I think we're on the same wave-length, dear Maha. It's only that what you call "Arabization", I call it "transliteration", and what you call "transliteration", I call it "transcription".

A transliteration system aims to create a _one-to-one_ mapping between the graphs of the two writing systems in question. If this job is done, then the system is good. That's why I'd say the system on the Arabic wiki page is perfect: each pinyin letter is represented by a different Arabic letter/letter-cluster. I understand why you don't  like it, dear Anatoli: because the Arabic sounds don't match the Chinese sounds in some cases. But they're not supposed to, since they belong to a transliteration system, which is not responsible for teaching Chinese pronunciation (leave the vacancy to the Chinese teachers!). I remember what I read in the Alice books:



> 'When I make a word do a lot of work like that,' said Humpty Dumpty, 'I always pay it extra.'
> 'Oh!' said Alice. She was too much puzzled to make any other remark.
> 'Ah, you should see 'em come round me of a Saturday night,' Humpty Dumpty went on, wagging his head gravely from side to side: 'for to get their wages, you know.'


We don't want to make a transliteration system do so much work, do we? We have to pay it extra!

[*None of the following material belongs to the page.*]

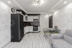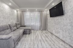 Представляем вам 3х комнатную квартиру с кухней-гостиной в жилом комплексе Новин. Просторная кухня гостиная, 2 спальные зоны, мастерская (можно под детскую), в коридоре 3 функциональных встроенных шкафа (1-входная зона, 2-обувной шкаф, 3-шкаф для хранения полотенец, постельного белья, пледов, подушек и т.д.), 2 санузла. Три окна выходят во двор, одно окно на другую сторону. В квартире установлены датчики теплого пола, кондиционер, счетчики на холодную и горячую воду, электроснабжение, отопление, система телеметрии - передача данных по потреблению воды, электричества, отопления автоматически передаются в управляющую компанию.

As to the system suggested by Anatoli: _strictly_ speaking it's not a transliteration system, since there're cases where different pinyin letters are represented by the same Arabic letter/letter-cluster, thus failing to fulfil a one-to-one mapping. But of course we understand that the rationale behind this system is to approximate the Chinese pronunciations in question whenever possible, and I see that it's practical and I'm sure it will be useful for many people. 

As to the linguistic details, why, you need a linguist! Although I'm a Chinese (guilty), I've never learnt pinyin, and the quaint IPA symbol are making me dizzy.


----------



## Anatoli

Thanks, Ghabi  but I disagree about the Wikipage (post#1) being perfect. It may work as transliteration only, if the rules are explained in advance (e.g. 1=A, 2=B, 3=C, etc.).

My reasons:
Unlike Pinyin where a convention may work - *c*=ts, *q*=ch, *x*=sh (where the right part is an approximate equivalent of the English reading), in Arabic, you can't just say - see this letter but you have to read it differently. So ص is an emphatic "S" and will always be pronounced as such, it's a bad example of transliterating "x". So are the other examples of emphatic letters. In my opinion, they achieve the opposite pronunciation to the intended (e.g. si and xi, chi and qi).

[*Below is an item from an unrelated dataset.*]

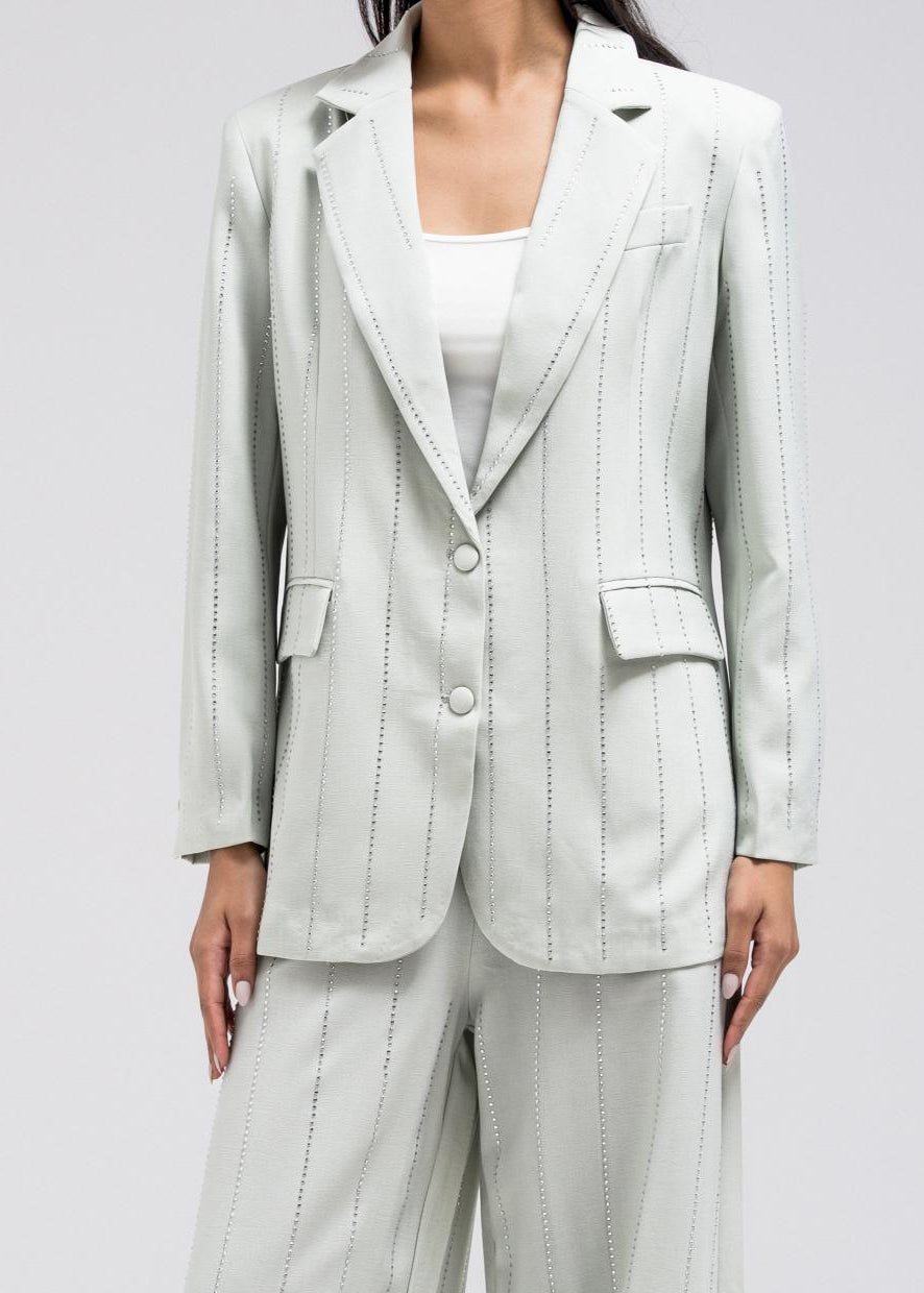 STRIPE RHINESTONE TAILORED BLAZER

It's never used practically. So it may a transcription but never used as a transliteration  Persian letters are used very seldom in Arabic, although, they would be ideal for G and P.

The Wiki table is full of digraphs (even trigraphs!), which will be misread. That's why I prefer to use the same approach as it was taken in pinyin - use b/p, g/k, d/t, not p/ph, k/kh, t/th to show aspiration or its absence. I used the digraphs in my table, which are already in use in Arabic - e.g. سندويتش sandwi*ch*, تسونامي *ts*unami.

No, I don't mean it as a teaching tool for Mandarin either. Standard Pinyin itself (for students) or IPA (for linguists or scientists) would serve better, whatever your original language is. This is now used in Japan, Korea and Russia, universities around the world and, of course dictionaries.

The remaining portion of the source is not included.